As such, dear reader, allow me to do just that. May I present to you: A Sensible Proposal.
Shrink the cabinet to its 5 or 6 most capable members, empower ministers to fire civil servants at will, and slash the civil service by at least 75% – it’s not technically Moldbuggian RAGE (Retire All Government Employees), but it’s of the same spirit.
Take the Civil Service Code and throw it on the regulatory bonfire, along with every obstructive procurement rule preventing us from becoming the AI capital of Europe.
Implement mandatory IQ tests for all new civil service hires and scrap the counter-intuitive stakeholder model of policy-making; ensuring government bureaucrats literally, not figuratively, live in The Real World.
Double the length of every sentence, especially for crimes which make civilised society impossible (murder, rape, theft, schmonking weed, etc.). Freedom, if nothing else, should mean the ability to go from A to B without being mugged, molested, or murdered.
Repeat offenders should receive at least one of the following: an extended sentence, a life sentence, chemical castration, or the death penalty.

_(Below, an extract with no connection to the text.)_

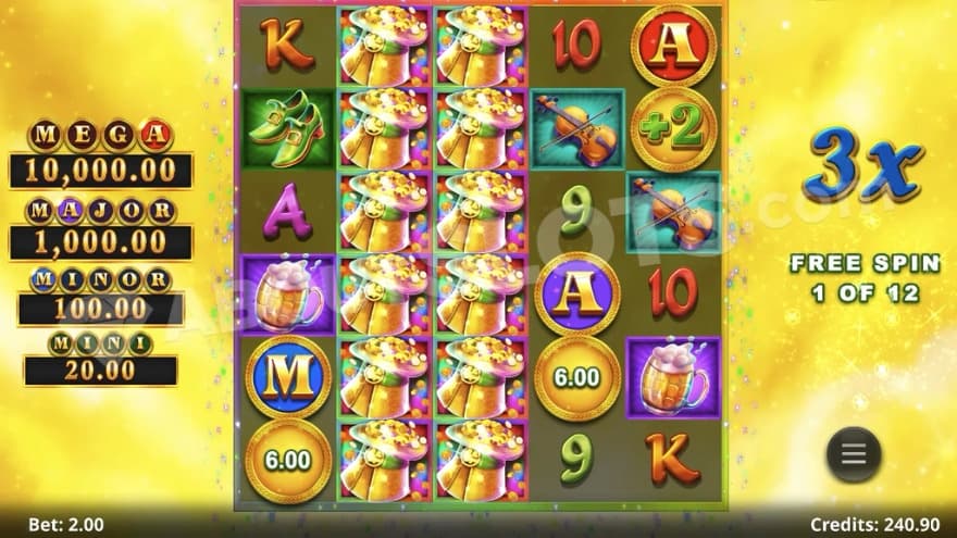 The lower-paying symbols include 9, 10, J, Q, K, and A. Five-of-a-kind with one of these will pay 1x the bet. The higher-paying symbols are more on theme, including a violin, harp, shoes, beer, and four-leaf clover. A full line of 5 with one of these pays 2x-5x the bet. The Wild symbol is a pot of gold. It substitutes for all other paying symbols, and a full wild line pays 10x the bet. Three lucky coins are used to trigger the free spins, colored purple, red, and green. Now, let’s take a look at the features!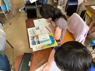 浄水場の仕組みについて、自分で調べて、友だちと意見交換をしていました。

Tough on Crime, Tough on The Causes of Crime.
Abolish the Communication Act and its statutory predecessors to make speech free again. The less time the plod can spend harassing you for tweeting facts and logic, the more time they’ll dedicate to brutalising groomers of our nation’s children, vandals of our nation’s heritage, and abusers of animals.
Furthermore, abolish the Supreme Court and bring back the Law Lords – Tony Blair and Gordon Brown, eat your precious ‘modernising’ hearts out!
Speaking of which, if we can hand out titles to cronies, half-wits, and dodgy sorts, I’m sure we can take them away – put some actual aristocrats in Parliament; of spirit in the Commons and of blood in the Lords.
Abolish the TV licence fee and replace it with nothing. That or broadcast stuff worth watching – like reruns of Kenneth Clark’s Civilisation series or Spy x Family.

This is an excerpt from “Mayday! Mayday!”. To continue reading, visit The Mallard’s Shopify.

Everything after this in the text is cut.